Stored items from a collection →
::::::::

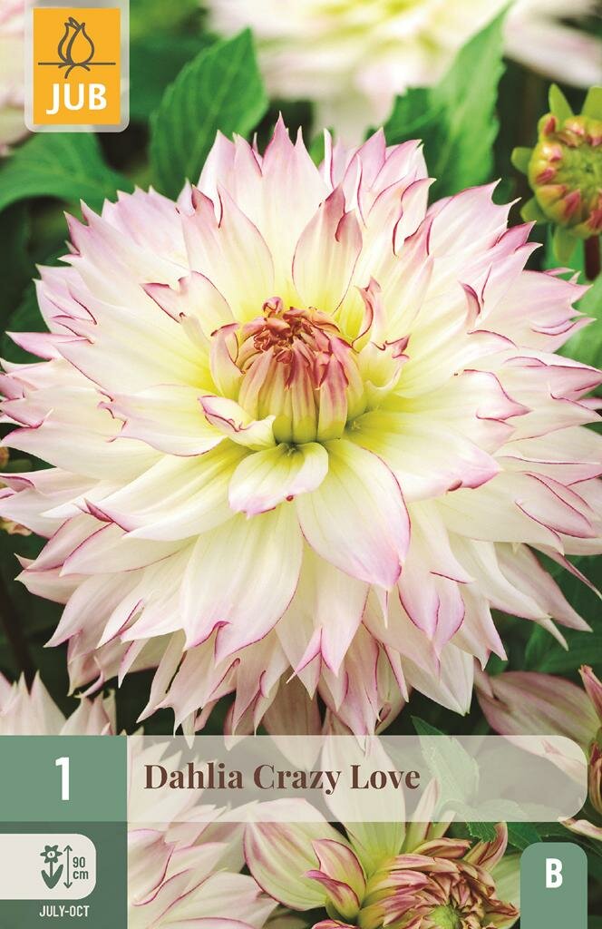 Dahlia Crazy Love: Een spectaculaire tuinblikvanger. Maak kennis met de Dahlia Crazy Love, een indrukwekkende decoratieve dahlia van het kwaliteitsmerk Jub. Deze bijzondere dahlia kenmerkt zich door zijn grote, volledig gevulde bloemen met een opvallende paars-witte kleur. De brede bloemblaadjes met hun karakteristieke golvende effect maken deze dahlia tot een echte blikvanger in je tuin. Als één van de oudste dahlia-soorten combineert de Crazy Love klassieke schoonheid met een spectaculaire uitstraling.
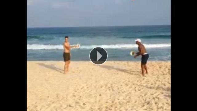 Hollanda'nın yıldız ismi Robin Van Persie, kupaya verilen 2 günlük arada Patrick Kluivert ile sahilde tenis oynadı.
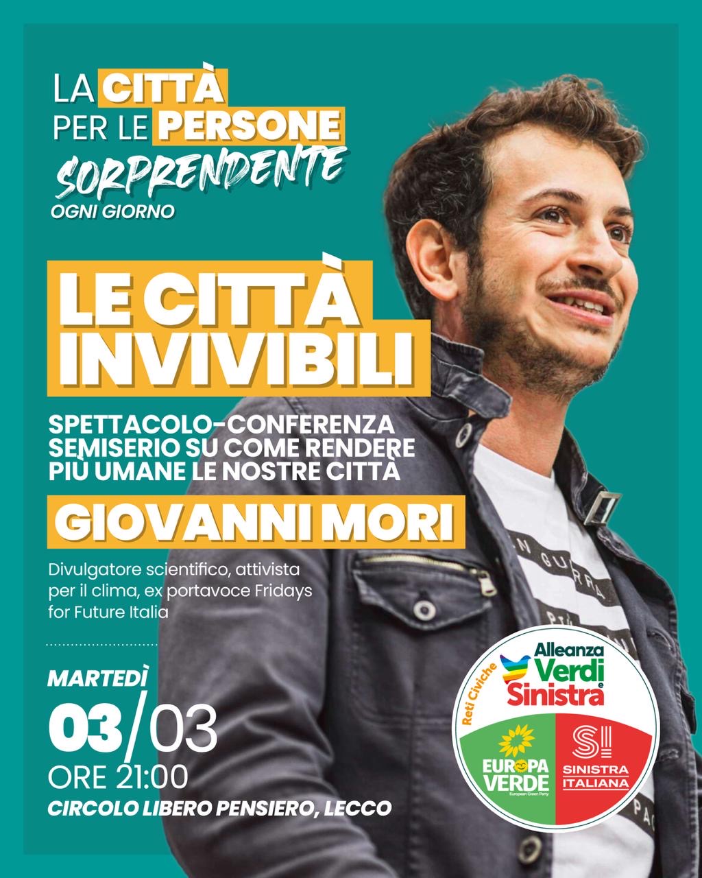 L’evento, dal titolo “Le città invivibili”, vedrà protagonista Giovanni Mori, divulgatore scientifico, attivista per il clima ed ex portavoce nazionale di Fridays for Future Italia.
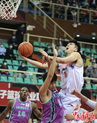 4月18日,浙江诸暨暨阳学院体育中心,新疆队8号唐才育(上)上篮得分。当日,2020-2021赛季中国男子篮球职业联赛的季后赛1/4决赛举行第二场比赛,山东队以105:101战胜新疆队,闯入4强。 中青报·中青网记者 刘占坤/摄
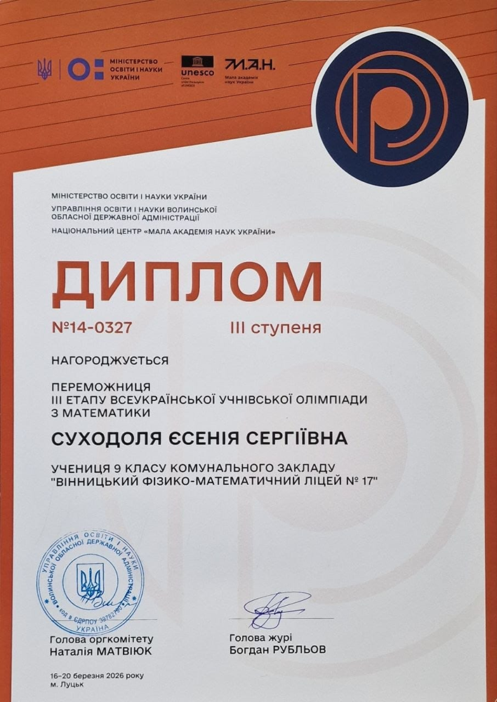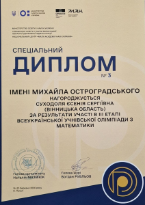 Суходоля Єсенія також була нагороджена спеціальним дипломом імені Михайла Остроградського.
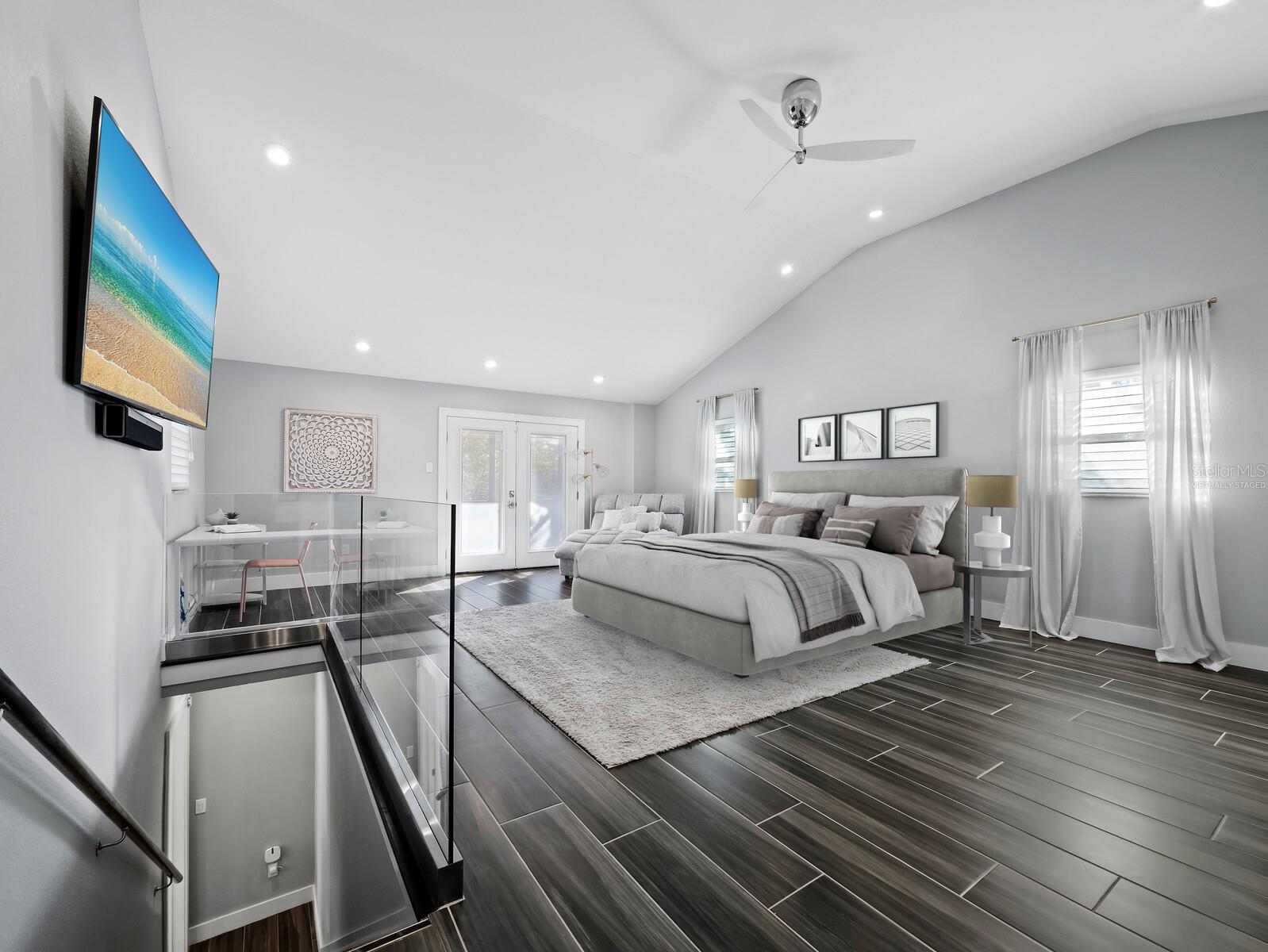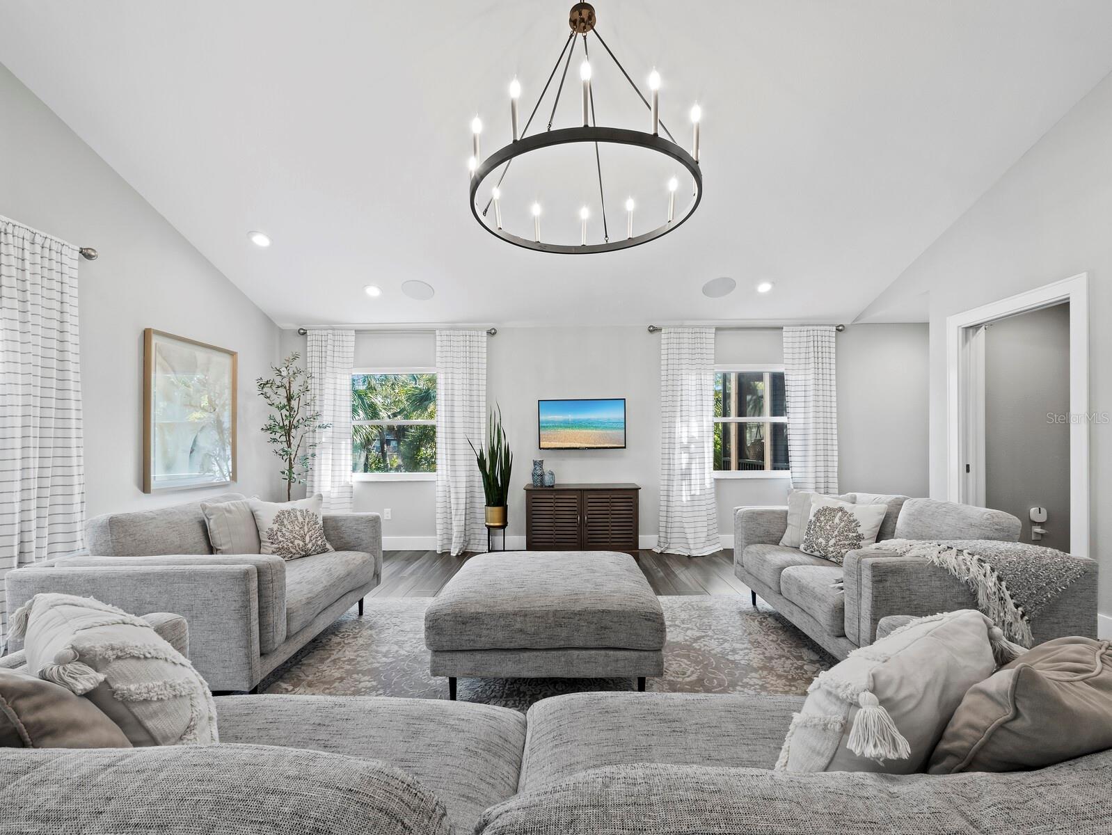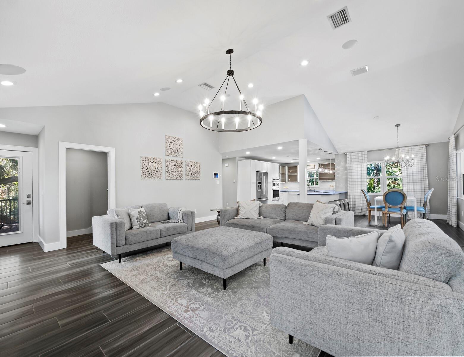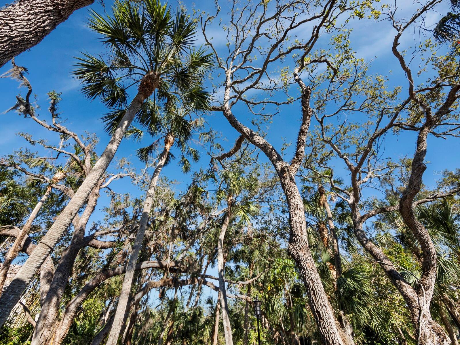 One or more photo(s) has been virtually staged. Located in popular and convenient South Gate, this home is anything but typical! Elevated and surrounded by gorgeous nature, it has the feel of a luxurious tropical treehouse. From the large lot on a quiet & private street to the huge deck at the front door, you will appreciate the cool style as soon as you pull up…this property is unique and beautiful and nestled into its surroundings in a way that you don’t often see. Phillippi Creek winds around the edge of the lot and you’ll often spot egrets, wood storks, blue heron, and even roseate spoonbills wading there, plus bald eagles and owls are known to nest nearby – it is truly a nature-lover’s paradise! Also, the creek is ideal for kayaking and you can launch right from the property and paddle all the way to in intercoastal if you like. The first floor features a spacious 2-car garage and loads of storage, with all living space located safely high above on the second and third stories. Soaring ceilings and a beautifully updated & chic kitchen define the main living area, with an elegant bath and the two nicely-sized bedrooms located on the same level. The property is offered furnished for your ultimate ease and convenience. You’ll adore the large screened deck with grill & gas fire pit too! Tucked into the treetops, this outdoor living space is infinitely enjoyable. Ascend to the main bedroom suite, where you will be absolutely wowed by the spaciousness and fantastic high ceilings! There is plenty of room for a sitting area, desk, or even a yoga or meditation spot so you can create a true retreat. The updated bath features a freestanding tub and shower with space for two, and the large walk-in closet has ample space and is already customized! The laundry is conveniently located upstairs in a second closet, and there is also a second fabulous screen porch to enjoy. Many smart home features make for easy living: Lutron lighting throughout, in-ceiling speakers, Arlo camera system, and an August automated front door lock. This entire home is perfectly updated and ready to enjoy and you will also be thrilled with the location: easily drive or bike to Siesta Key Beach or downtown, or hop on the nearby Legacy Trail! 10 minutes or less will get you most places, which is a rarity in Sarasota. Your tropical paradise treehouse awaits…come take a look at this unique and dazzling property today!
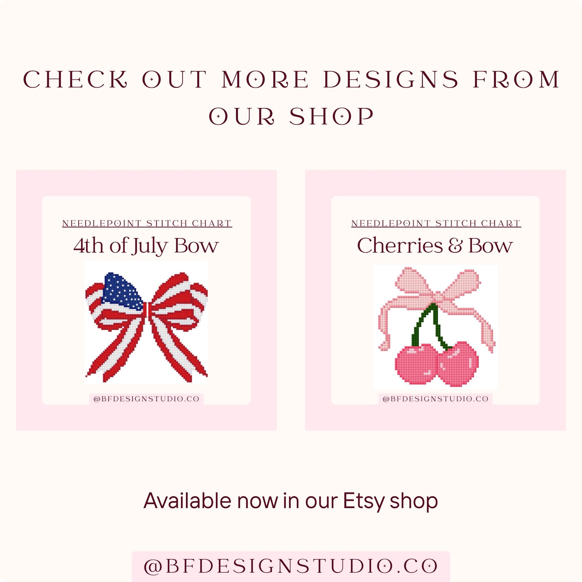 Inspired by our best-selling 4th of July bow, this pink striped bow design is a sweet and versatile addition to your needlepoint collection! Whether you're stitching for a nursery, creating a dainty ornament, or crafting a charming coaster or pillow, this chart is perfect for adding a classic touch with a modern twist. Perfect for grandmillennial stitchers, bow lovers, or anyone who adores soft, feminine accents in their décor.
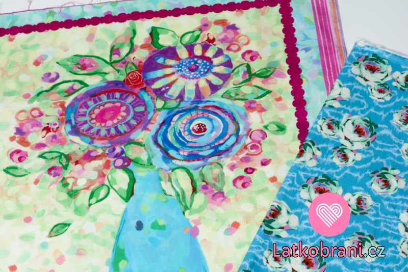 Bavlněné plátno potisk květy: rozměry 95x110 cm, 180 g/m²
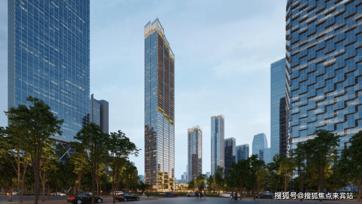 作为全球顶级建筑事务所,KPF以“流动的城市绿洲”为核心理念,将五栋超高层塔楼(4栋住宅+1栋公寓)设计为深圳湾的“点睛之笔”。建筑外立面采用流线型曲面玻璃幕墙,灵感源自海浪的起伏,既呼应滨海地域特色,又通过逐层退台形成空中花园,最大化引入自然光与湾景。公寓塔楼高250米,设城市观景台,成为后海总部基地的视觉制高点。

::::::::

WORK INSTRUCTIONS → Leave out the pictures and retype the rest of the entries exactly.

EXERCISE OUTPUT →
 Dahlia Crazy Love: Een spectaculaire tuinblikvanger. Maak kennis met de Dahlia Crazy Love, een indrukwekkende decoratieve dahlia van het kwaliteitsmerk Jub. Deze bijzondere dahlia kenmerkt zich door zijn grote, volledig gevulde bloemen met een opvallende paars-witte kleur. De brede bloemblaadjes met hun karakteristieke golvende effect maken deze dahlia tot een echte blikvanger in je tuin. Als één van de oudste dahlia-soorten combineert de Crazy Love klassieke schoonheid met een spectaculaire uitstraling.
 Hollanda'nın yıldız ismi Robin Van Persie, kupaya verilen 2 günlük arada Patrick Kluivert ile sahilde tenis oynadı.
 L’evento, dal titolo “Le città invivibili”, vedrà protagonista Giovanni Mori, divulgatore scientifico, attivista per il clima ed ex portavoce nazionale di Fridays for Future Italia.
 4月18日,浙江诸暨暨阳学院体育中心,新疆队8号唐才育(上)上篮得分。当日,2020-2021赛季中国男子篮球职业联赛的季后赛1/4决赛举行第二场比赛,山东队以105:101战胜新疆队,闯入4强。 中青报·中青网记者 刘占坤/摄
 Суходоля Єсенія також була нагороджена спеціальним дипломом імені Михайла Остроградського.
 One or more photo(s) has been virtually staged. Located in popular and convenient South Gate, this home is anything but typical! Elevated and surrounded by gorgeous nature, it has the feel of a luxurious tropical treehouse. From the large lot on a quiet & private street to the huge deck at the front door, you will appreciate the cool style as soon as you pull up…this property is unique and beautiful and nestled into its surroundings in a way that you don’t often see. Phillippi Creek winds around the edge of the lot and you’ll often spot egrets, wood storks, blue heron, and even roseate spoonbills wading there, plus bald eagles and owls are known to nest nearby – it is truly a nature-lover’s paradise! Also, the creek is ideal for kayaking and you can launch right from the property and paddle all the way to in intercoastal if you like. The first floor features a spacious 2-car garage and loads of storage, with all living space located safely high above on the second and third stories. Soaring ceilings and a beautifully updated & chic kitchen define the main living area, with an elegant bath and the two nicely-sized bedrooms located on the same level. The property is offered furnished for your ultimate ease and convenience. You’ll adore the large screened deck with grill & gas fire pit too! Tucked into the treetops, this outdoor living space is infinitely enjoyable. Ascend to the main bedroom suite, where you will be absolutely wowed by the spaciousness and fantastic high ceilings! There is plenty of room for a sitting area, desk, or even a yoga or meditation spot so you can create a true retreat. The updated bath features a freestanding tub and shower with space for two, and the large walk-in closet has ample space and is already customized! The laundry is conveniently located upstairs in a second closet, and there is also a second fabulous screen porch to enjoy. Many smart home features make for easy living: Lutron lighting throughout, in-ceiling speakers, Arlo camera system, and an August automated front door lock. This entire home is perfectly updated and ready to enjoy and you will also be thrilled with the location: easily drive or bike to Siesta Key Beach or downtown, or hop on the nearby Legacy Trail! 10 minutes or less will get you most places, which is a rarity in Sarasota. Your tropical paradise treehouse awaits…come take a look at this unique and dazzling property today!
 Inspired by our best-selling 4th of July bow, this pink striped bow design is a sweet and versatile addition to your needlepoint collection! Whether you're stitching for a nursery, creating a dainty ornament, or crafting a charming coaster or pillow, this chart is perfect for adding a classic touch with a modern twist. Perfect for grandmillennial stitchers, bow lovers, or anyone who adores soft, feminine accents in their décor.
 Bavlněné plátno potisk květy: rozměry 95x110 cm, 180 g/m²
 作为全球顶级建筑事务所,KPF以“流动的城市绿洲”为核心理念,将五栋超高层塔楼(4栋住宅+1栋公寓)设计为深圳湾的“点睛之笔”。建筑外立面采用流线型曲面玻璃幕墙,灵感源自海浪的起伏,既呼应滨海地域特色,又通过逐层退台形成空中花园,最大化引入自然光与湾景。公寓塔楼高250米,设城市观景台,成为后海总部基地的视觉制高点。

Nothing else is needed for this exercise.